The National Funeral Practitioners Association of SA (Nafupa-SA) has reportedly launched a campaign to raise funds to pay former president Jacob Zuma’s legal fees.
This after the NPA on Friday announced it would prosecute Zuma on 16 charges of corruption related to the multimillion-rand arms deal scandal in the late 1990s.
Nafupa-SA is the same controversial organisation that honoured Zuma earlier this month for being the “father of radical economic transformation”.
The business forum has been accused of stoking racial tensions in KZN by banning white and Indian business owners from operating in townships, as well as, employing “Mafia-style tactics” in their business practices.
Times Select reports that Nafupa-SA has already started its campaign to raise funds for Zuma’s legal fees.

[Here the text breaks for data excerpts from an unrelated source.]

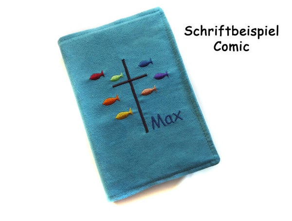 Ich sticke ausschließlich auf meinen selbst gefertigten Produkten, die direkt mit erworben werden. Beispiel: Buchhülle.
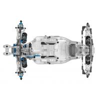 - natural silver +3mm length aluminum chassis with 22. 5 degree kick-up to complement updated front-end geometry and with a new shape to reduce chassis scrub with the track surface
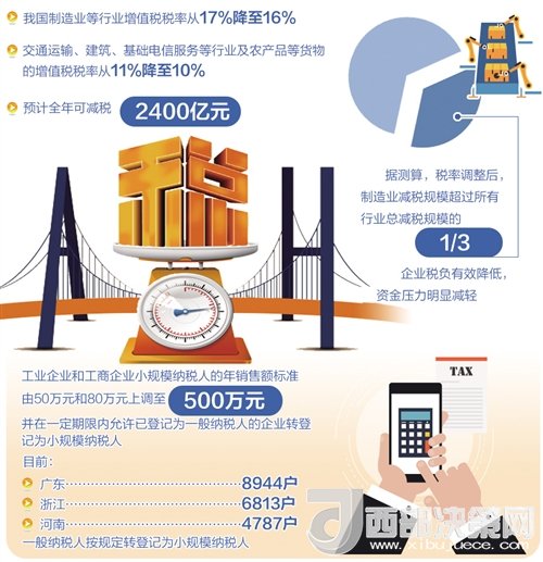 從5月1日起,我國制造業(yè)等行業(yè)增值稅稅率從17%降至16%,交通運輸、建筑、基礎電信服務等行業(yè)及農(nóng)產(chǎn)品等貨物的增值稅稅率從11%降至10%,預計全年可減稅2400億元。

The business forum’s president, Muzi Hlengwa said this was not to allow “Msholozi to fall victim to wild dogs – because we strongly believe that he is being attacked solely for advocating radical economic transformation and land expropriation”.
“We are busy planning a national tour whereby we will take Msholozi to all nine provinces to ensure the people of South Africa that he is 100% for radical economic transformation, and he has our support. We’re still at a planning stage,” Hlengwa was quoted as saying.
He said Nafupa-SA’s support for Zuma wasn’t political, as they would have done the same thing for former president Thabo Mbeki if he had supported “radical economic transformation”.
“Remember there are political implications around this thing. So we are very careful on how to do things … we don’t want to be viewed as political and people who support Msholozi because we were his faction. The majority of us are not even members of the ANC,” he said.
As the debate r0ages on about Zuma’s state-funded legal fees, the DA and EFF want President Cyril Ramaphosa to scrape a deal he reached with Mbeki that any government funds spent on his court cases would be repaid if he lost the case.
At the weekend, Sunday Times that the opposition parties have given Ramaphosa until Thursday to revoke the deal.